## Total number of ways of selecting n balls from an urn with k colours

Arrangements, combinations and permutations, probability, ...
rdybowski
Posts: 2
Joined: Sun Jun 05, 2016 10:52 pm

### Total number of ways of selecting n balls from an urn with k colours

Suppose I have an urn containing balls D of k different colors. Let D_i be the subset of D of all the balls having the i-th colour. The probability of randomly selecting (without replacement) y_1 balls from D_1, y_2 balls from D_2, . . . , y_k balls from D_k is, of course, given by the multivariate hypergeometric distribution.
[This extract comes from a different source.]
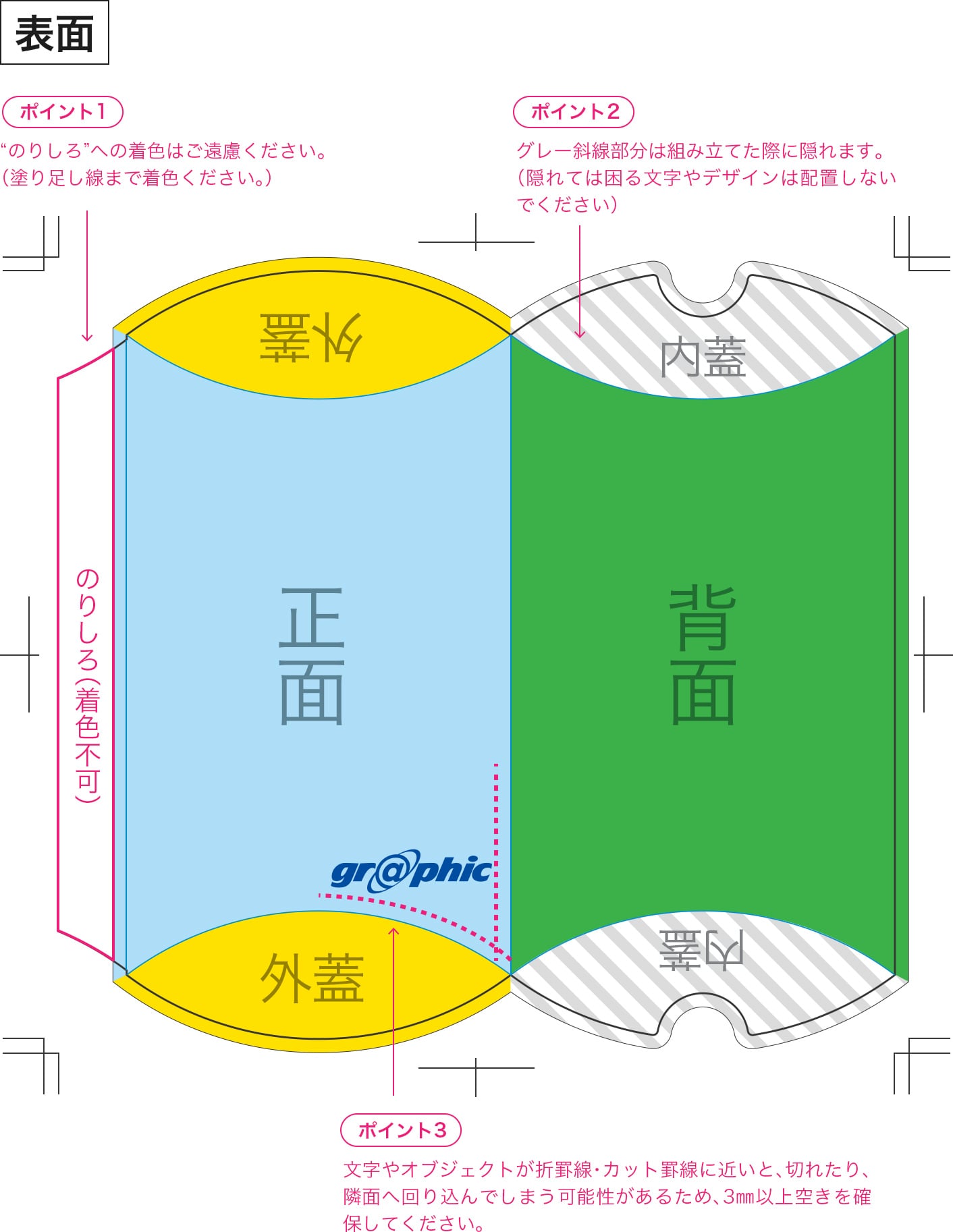 - デザインデータ作成の注意点は、形状により異なります。各形状の詳細ページより必ず内容をご確認の上データを作成してください。

What I am interested in is the total number of ways of selecting n balls from D.

For example, if D = [2 | 1 | 2] (i.e., k = 3), and n = 3, then the possible ways of selecting n balls from D are

[2 | 1 | 0]

[2 | 0 | 1]

[1 | 1 | 1]

[1 | 0 | 2]

[0 | 1 | 2]

In the above example, the number of ways of selecting 3 balls from D is 5, but is there a general mathematical expression for the total number of ways of selecting n balls from D?

rdybowski
Posts: 2
Joined: Sun Jun 05, 2016 10:52 pm

### Re: Total number of ways of selecting n balls from an urn with k colours

[Solved]
The answer is given on page 138 of Charalambides, C. A. (2002) Enumerative Combinatorics, Chapman & Hall/CRC.

MuthuVeerappanR
Posts: 423
Joined: Sun Mar 22, 2015 2:30 pm
Location: India
Contact:

### Re: Total number of ways of selecting n balls from an urn with k colours

It would be great if you can share the solution here... It is not knowledge, but the act of learning, not possession but the act of getting there, which grants the greatest enjoyment.